- [Your assignment]
Each record is to be printed again exactly, though not its pictures.

- [Data provided]
━━━━━━━━━━
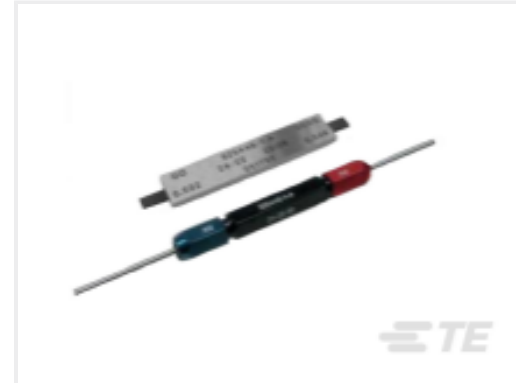
TE Part #525441-2 PLUG GAUGE, HANDTOOL
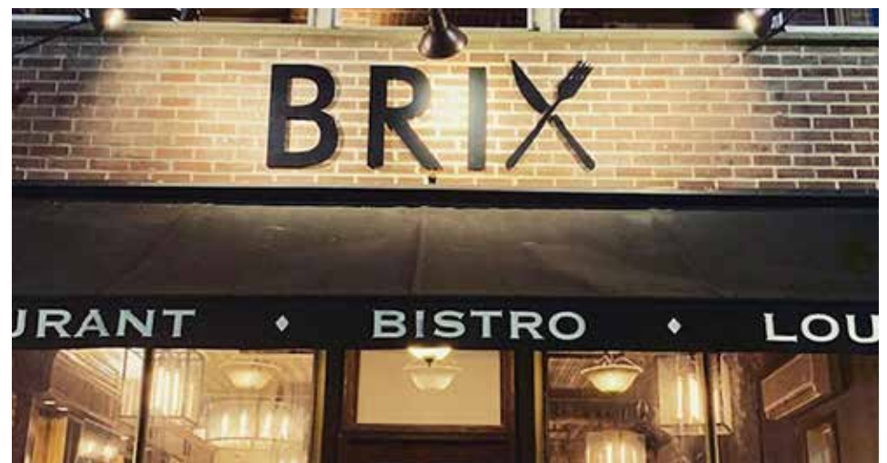
Brix Gastropub in Marlboro.

Brix Gastropub is located at 1 King Street in Marlboro. Hours are: Monday - Friday, 3 p.m. - midnight, Saturday-Sunday 11 a.m. - midnight. Call (845) 236-9981 for reservations.
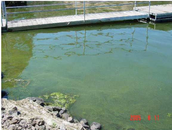
CRMC; 8-10-05 1,427,215 cells/ml Microcystis
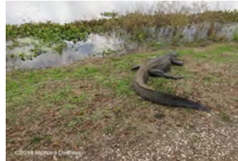
Gator on trail.
━━━━━━━━━━
- [Exercise result]
TE Part #525441-2 PLUG GAUGE, HANDTOOL
Brix Gastropub in Marlboro.

Brix Gastropub is located at 1 King Street in Marlboro. Hours are: Monday - Friday, 3 p.m. - midnight, Saturday-Sunday 11 a.m. - midnight. Call (845) 236-9981 for reservations.
CRMC; 8-10-05 1,427,215 cells/ml Microcystis
Gator on trail.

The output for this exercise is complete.